Chris Dawes

Personal information
- Full name: Christopher Dawes
- Date of birth: 31 May 1974 (age 50)
- Place of birth: Kingston, Jamaica
- Height: 1.80 m (5 ft 11 in)
- Position(s): Defender, Midfielder

Senior career*
- Years: Team / Apps / (Gls)
- 1994–1996: Galaxy F.C.
- 1996: SVD Handzame
- 1997–2000: Galaxy F.C.
- 2001: Colorado Rapids / 16 / (0)
- 2002–2003: Hazard United
- 2003–2004: Village United
- 2004–2006: Portmore United

International career
- 1995–2001: Jamaica / 66 / (1)

= Chris Dawes (Jamaican footballer) =

Jamaican footballer (born 1974)

Christopher Dawes (born 31 May 1974) is a retired Jamaican footballer. He was known to be very disciplined, a good passer of the ball and a tight man-marker.

==Club career==
Nicknamed 'Simba', Dawes has played as a defender or midfielder, starting his career at Jamaican club Galaxy F.C. and having a brief spell at Belgian Fourth Division club SVD Handzame in 1996. In 2001, he signed for MLS club MetroStars only to be traded to Colorado Rapids for a 2002 draft pick. Dawes returned to Jamaica in 2002 joining May Pen based club Hazard United and had a brief stint with Village United before returning to the previous club, now relocated and called Portmore United.

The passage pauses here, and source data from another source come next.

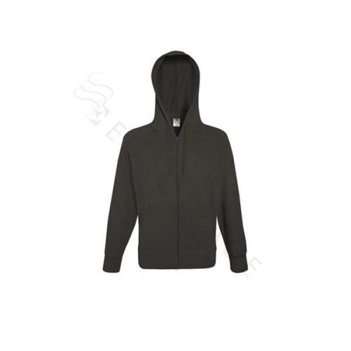 80% bombaž/ 20% poliester; 240g/m2; v kapuci je trak za zavezovanje v isti barvi, spredaj dva velika žepa, nima ramenskih šivov, zapiranje na zadrgo; velikosti od S do XXL
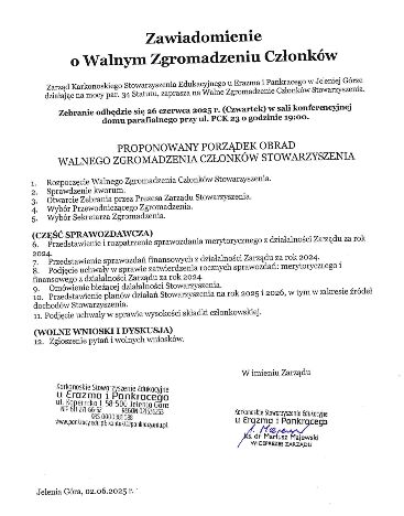 Zarząd Karkonoskiego Stowarzyszenia Edukacyjnego u Erazma i Pankracego w Jeleniej Górze działając na mocy par. 34 Statutu, zaprasza na Walne Zgromadzenie Członków Stowarzyszenia. Zebranie odbędzie się 26 czerwca 2025 r. (czwartek) w sali konferencyjnej domu parafialnego przy ul. PCK 23 o godzinie 19:00.
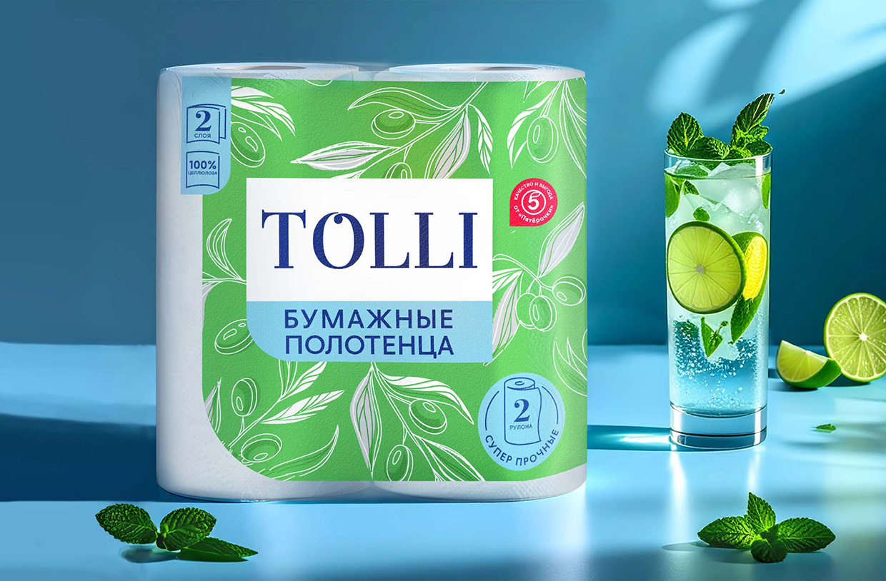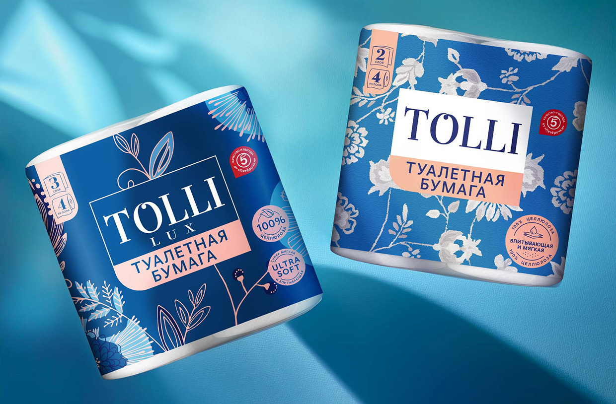 Брендинговое агентство Uprise обновило дизайн упаковки серии гигиенических товаров под брендом Tolli для сети магазинов «Пятёрочка».

He retired in 2006 to become a coach.

==International career==
He also played for the Jamaica national football team and was a participant at the 1998 FIFA World Cup. He played his last international in 2001 against Costa Rica and earned over 60 caps for the Reggae Boyz. He scored once in a 2000 friendly match against Cayman Islands, which Jamaica won by 6–0.

==Coaching career==
He is currently manager of Jamaica National Premier League side Sporting Central Academy but is currently on an educational sabbatical working on his coaching badges in the United States and England. In 2010, Dawes returned to coaching Sporting Central Academy.